Supplied data:
────────────────────────────────────────
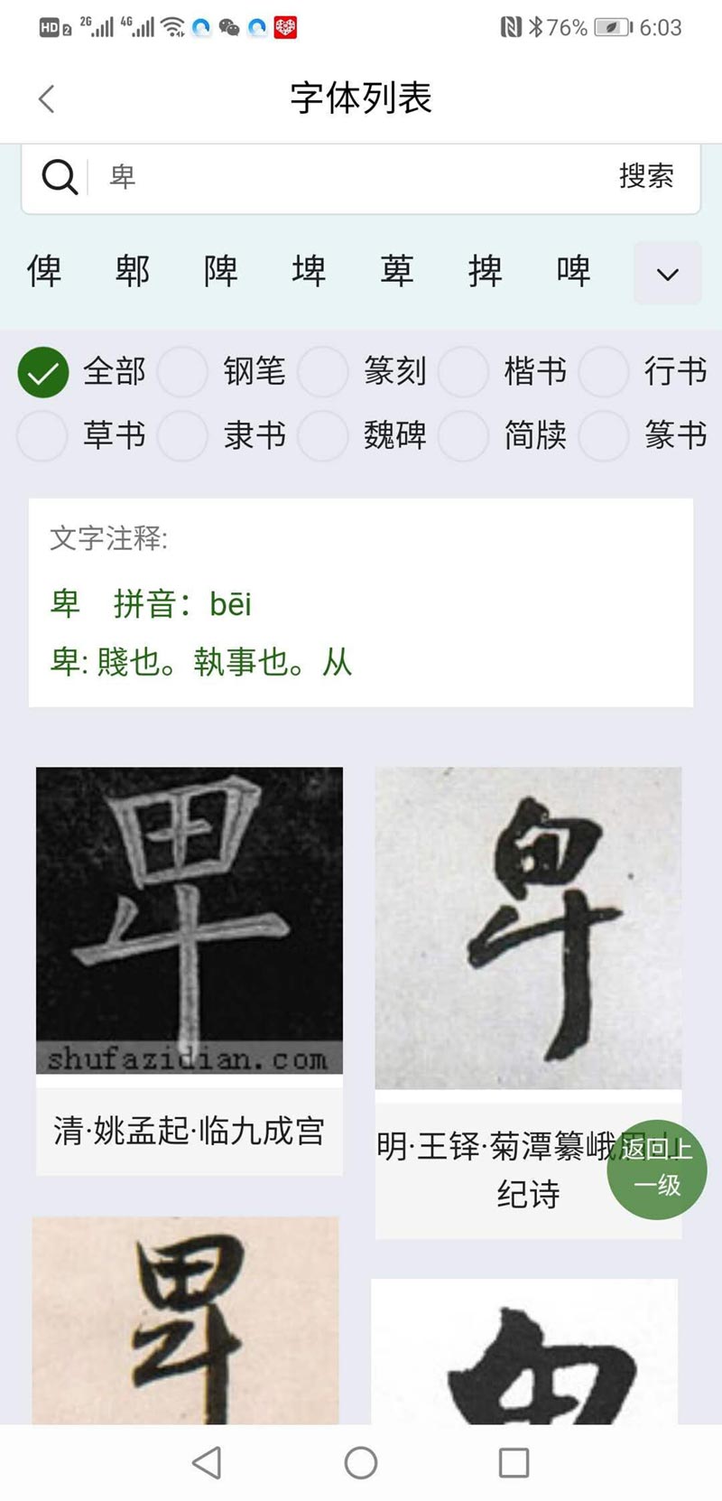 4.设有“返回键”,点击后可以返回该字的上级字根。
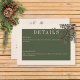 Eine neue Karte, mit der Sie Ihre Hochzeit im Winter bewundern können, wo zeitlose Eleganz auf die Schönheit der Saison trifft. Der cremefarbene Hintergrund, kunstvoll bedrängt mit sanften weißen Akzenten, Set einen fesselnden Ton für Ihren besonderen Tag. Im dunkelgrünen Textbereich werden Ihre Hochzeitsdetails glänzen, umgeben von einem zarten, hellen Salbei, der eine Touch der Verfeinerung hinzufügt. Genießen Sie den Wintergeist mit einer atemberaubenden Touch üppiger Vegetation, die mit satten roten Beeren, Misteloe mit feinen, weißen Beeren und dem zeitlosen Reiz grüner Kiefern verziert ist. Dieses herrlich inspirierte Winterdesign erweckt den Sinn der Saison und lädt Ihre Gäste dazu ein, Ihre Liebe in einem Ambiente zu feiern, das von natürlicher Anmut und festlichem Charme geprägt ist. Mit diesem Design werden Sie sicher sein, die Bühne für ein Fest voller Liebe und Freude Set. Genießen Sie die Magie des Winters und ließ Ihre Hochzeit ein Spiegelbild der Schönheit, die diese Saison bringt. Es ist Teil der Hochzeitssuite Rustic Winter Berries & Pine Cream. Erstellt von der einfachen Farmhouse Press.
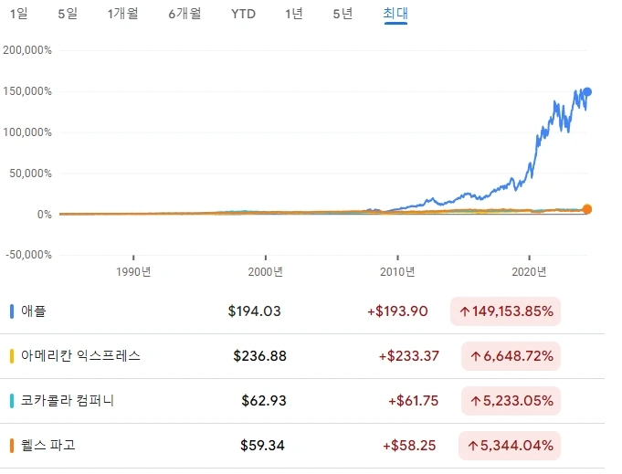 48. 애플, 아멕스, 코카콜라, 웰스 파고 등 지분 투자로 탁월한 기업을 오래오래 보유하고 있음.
────────────────────────────────────────
To do:
Leave out the pictures and restate, word for word, the lines from the top of the data through the line containing "Eine neue Karte, mit", both included.

Your solution:
 4.设有“返回键”,点击后可以返回该字的上级字根。
 Eine neue Karte, mit der Sie Ihre Hochzeit im Winter bewundern können, wo zeitlose Eleganz auf die Schönheit der Saison trifft. Der cremefarbene Hintergrund, kunstvoll bedrängt mit sanften weißen Akzenten, Set einen fesselnden Ton für Ihren besonderen Tag. Im dunkelgrünen Textbereich werden Ihre Hochzeitsdetails glänzen, umgeben von einem zarten, hellen Salbei, der eine Touch der Verfeinerung hinzufügt. Genießen Sie den Wintergeist mit einer atemberaubenden Touch üppiger Vegetation, die mit satten roten Beeren, Misteloe mit feinen, weißen Beeren und dem zeitlosen Reiz grüner Kiefern verziert ist. Dieses herrlich inspirierte Winterdesign erweckt den Sinn der Saison und lädt Ihre Gäste dazu ein, Ihre Liebe in einem Ambiente zu feiern, das von natürlicher Anmut und festlichem Charme geprägt ist. Mit diesem Design werden Sie sicher sein, die Bühne für ein Fest voller Liebe und Freude Set. Genießen Sie die Magie des Winters und ließ Ihre Hochzeit ein Spiegelbild der Schönheit, die diese Saison bringt. Es ist Teil der Hochzeitssuite Rustic Winter Berries & Pine Cream. Erstellt von der einfachen Farmhouse Press.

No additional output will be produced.